CoREST was originally classified as a human protein that acts as a corepressor for REST, or RE1 silencing transcription factor. “Together, REST and CoREST mediate repression of the type II sodium channel promoter in nonneural cells, and the REST / CoREST complex may mediate long-term repression essential to maintenance of cell identity.” (Andres, et al., 9873) REST contains two domains that are required for full repression of the sodium channels. These two domains are the amino and carboxyl termini. Only one domain is needed to initiate repression. CoREST connects to REST at the carboxyl domain, due to the presence of C-terminal binding protein (CtBP). The specificity of CoREST’s attachment to REST was determined through a point mutation. “Furthermore, a point mutation in the zinc-finger motif that abolished repression also abolished the REST-CoREST interaction.” (Andres, et al., 9876) The binding of REST-CoREST to repress sodium channels confirms the presence of a CtBP on Co-REST and also the ability of Co-REST to interfere with gene transcription. (Andres, et al.)

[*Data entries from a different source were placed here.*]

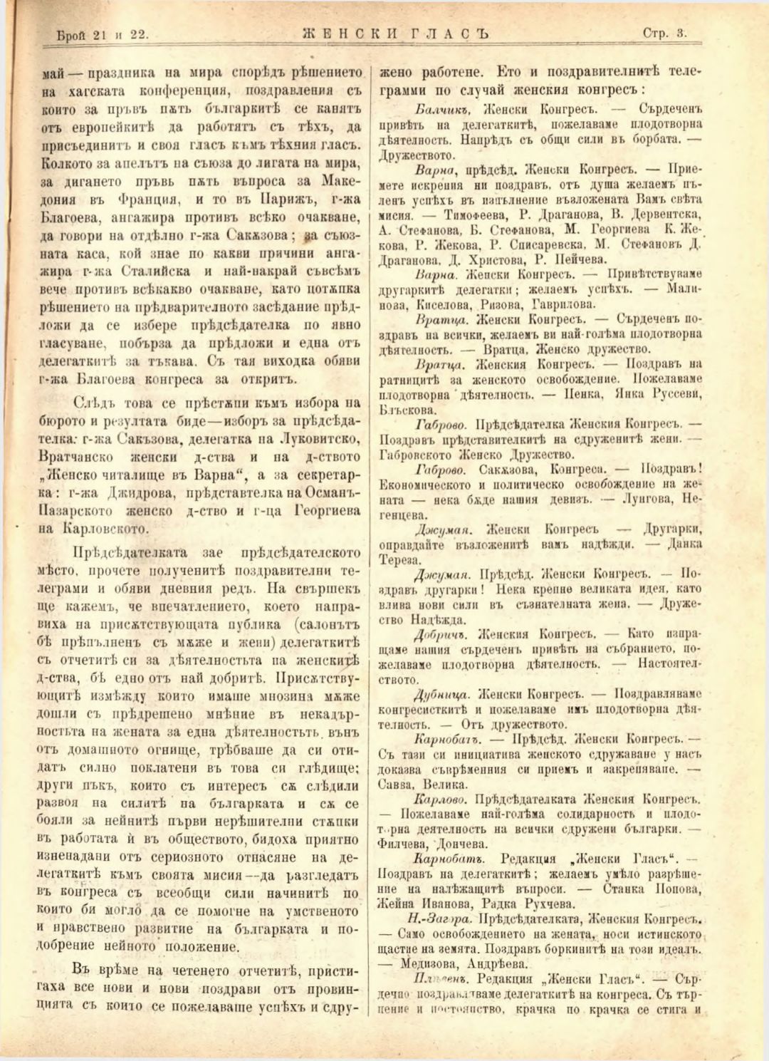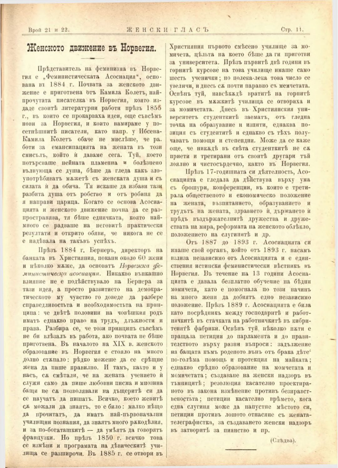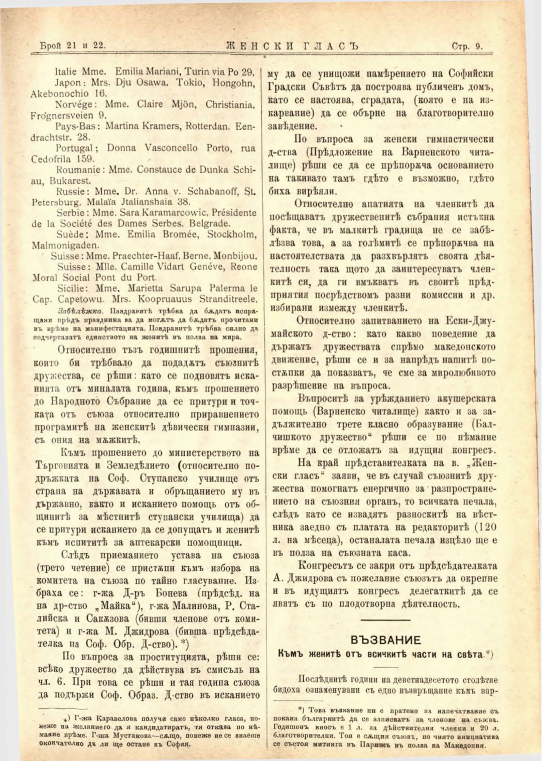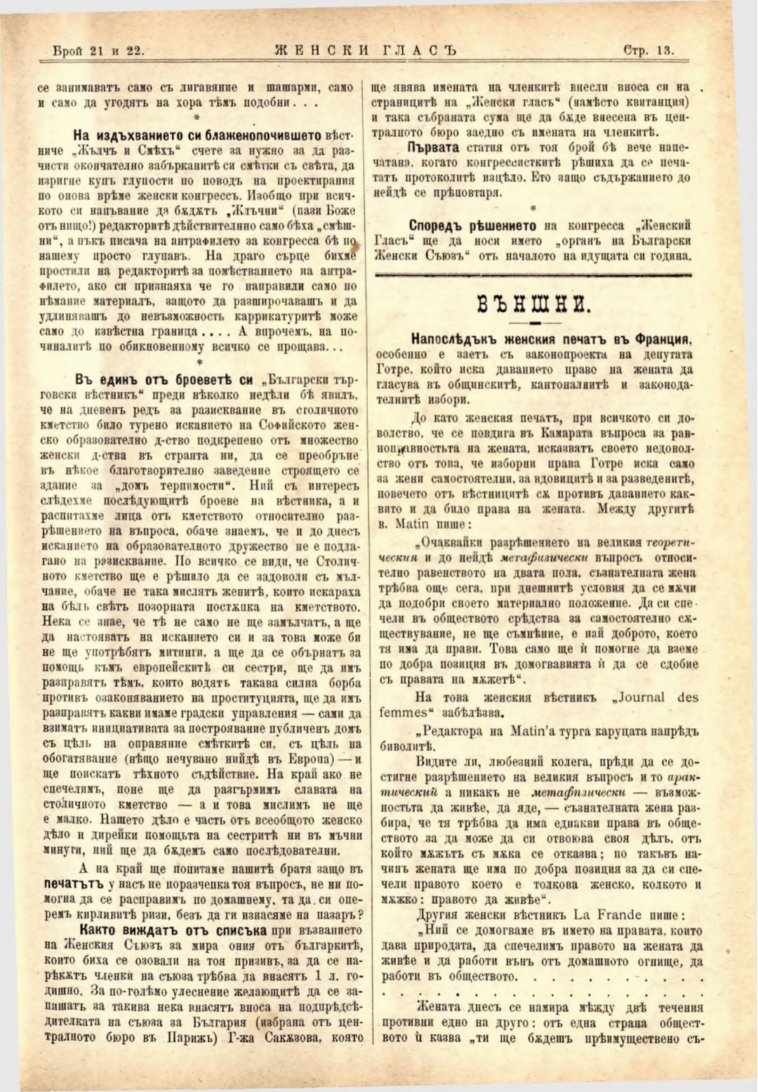 Год. 2,№ 21-22. Женски глас : Орган на софийското женско образователно дружество
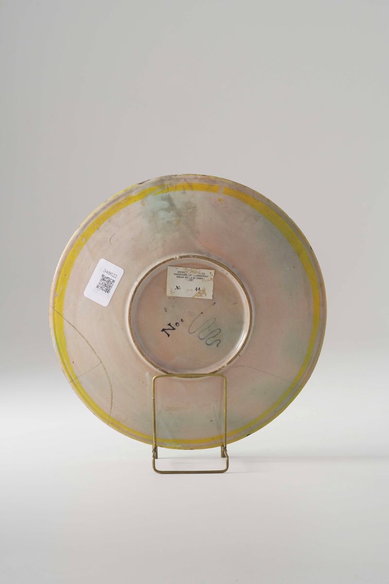 Maiolica. Diametro cm 25,5. Conservazione: rottura, composta da due frammenti, incollata tra le ore 3 e ore 5; felatura che parte dalle ore 8 e termina nel cavetto; piccole sbeccature al bordo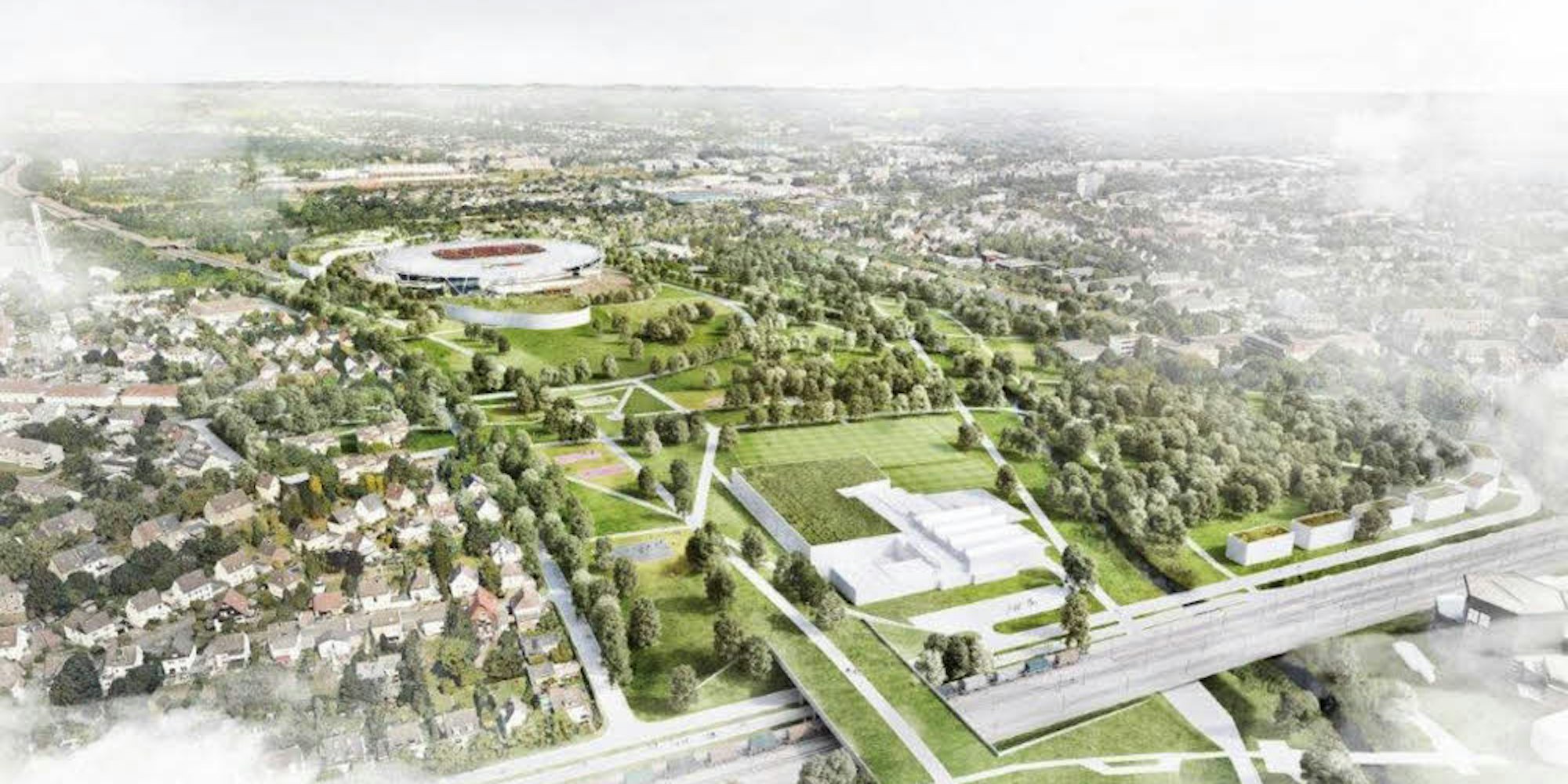 Wenn die A1 – wie es das Land Nordrhein-Westfalen offiziell dem Bund vorgeschlagen hat – zwischen Wasserturm und Autobahnkreuz Leverkusen in einem kurzen Tunnel unter der Erde verschwindet, soll darüber eine großzügige Grünanlage entstehen, zwischen Dhünn und der Siedlung Neuenhof, zwischen BayArena und Europaring.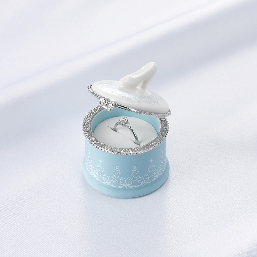 「信じていれば夢はかならず叶う・・・」 どんなにつらいことがあっても夢をあきらめず自分を信じ続けたシンデレラ。そして、シンデレラはその強い想いによって願いを叶えました。 『どんな困難でもあきらめないよう導き、夢を実現させる力』を持つと言われる「ブルートパーズ」は、まるで彼女の心のように清く澄んだ青色です。 美しく優しいシンデレラのような宝石「ブルートパーズ」を指輪の内側に秘めたディズニー シンデレラ 2023 ブライダルコレクション。
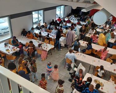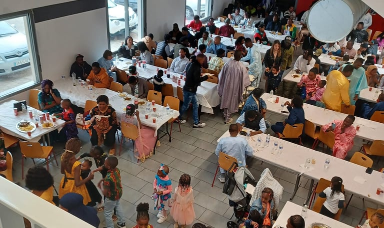 Un moment de partage et de solidarité où la communauté se réunit pour célébrer, prier et partager un repas festif dans la convivialité.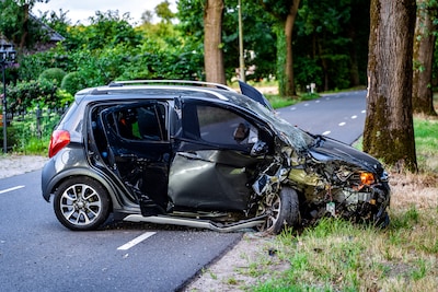 Auto loopt zware schade op na botsing met boom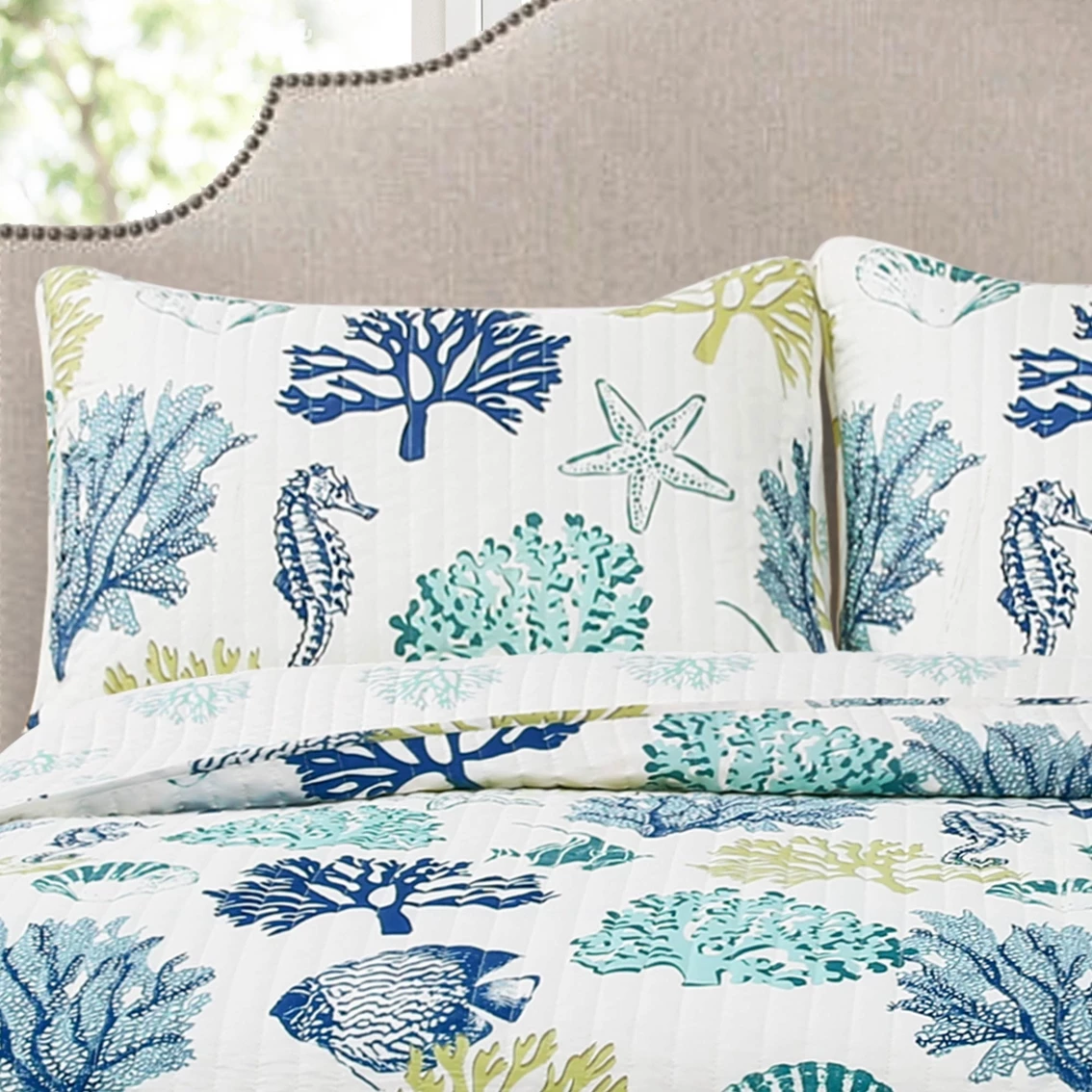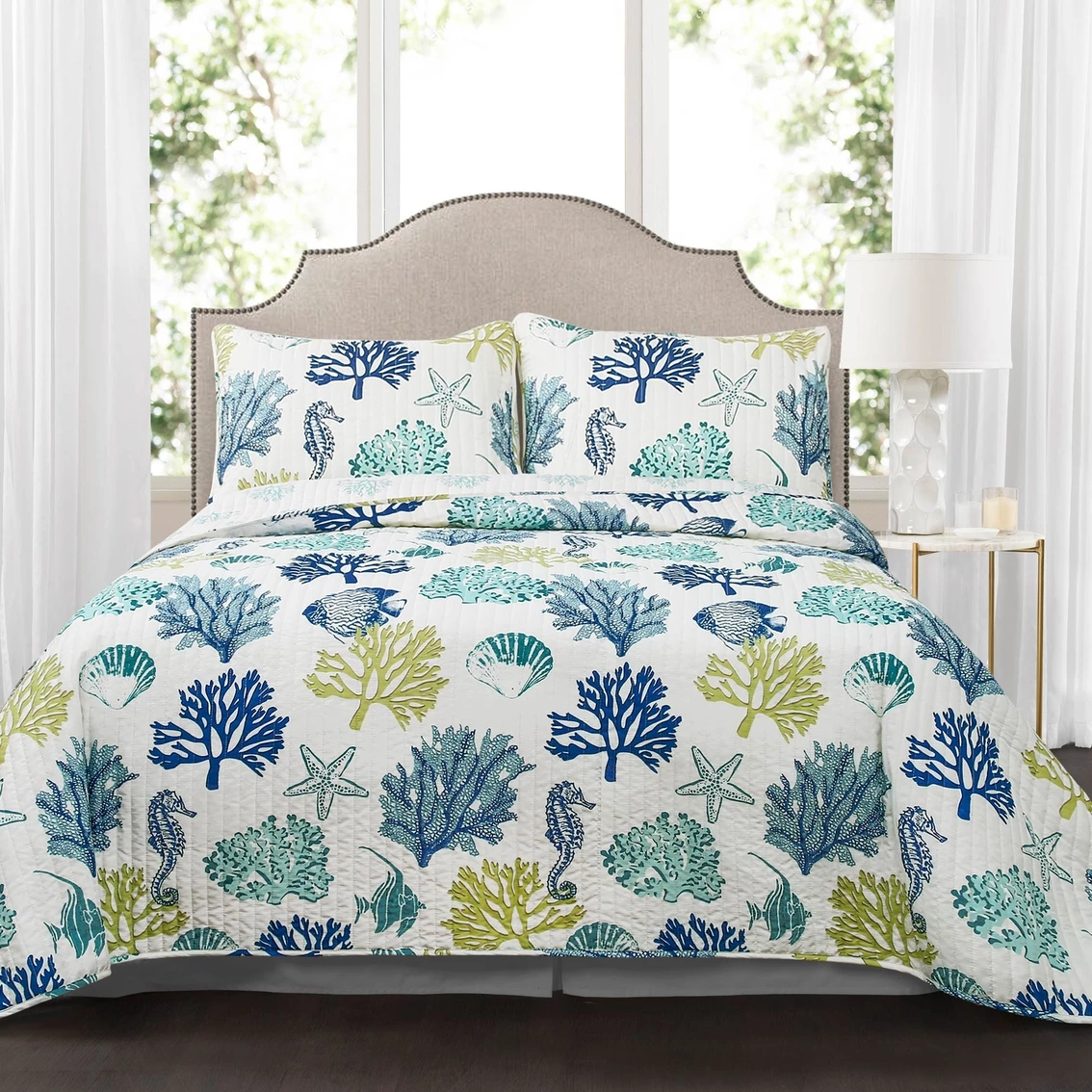 Any beach lover would love this Coastal Reef quilt set from Lush Decor. This makes a great option for your bedroom, a guest bedroom or any room in an actual beach home. The reverse side of the quilt features light colored reefs on a white background. The reversible nature of this quilt gives you the option to switch up the look of your room as often as you like simply by turning the quilt over.

The two repression domains of REST are an N-terminal domain that recruits the mSin3 HDAC complex and a C-terminal domain that recruits CoREST. Because REST can be activated through either domain, CoREST must be considered a HDAC itself. “CoREST-HDAC is composed of polypeptides distinct from previously characterized HDAC 1/2-containing complexes such as the mSin3.” (You, et al., 1454) The HDAC 1 / 2 connected to CoREST lacks RbAp46 and RbAp48, even though these proteins have been found on all previous complexes containing HDAC 1 / 2. This discovery leads to the belief that CoREST is a HDAC complex within itself. “Although CoREST first was identified as a REST-interacting protein, we believe that CoREST forms a stable histone deacetylase complex that is recruited by transcription factors, of which REST is perhaps one of many.” (You, et al., 1457)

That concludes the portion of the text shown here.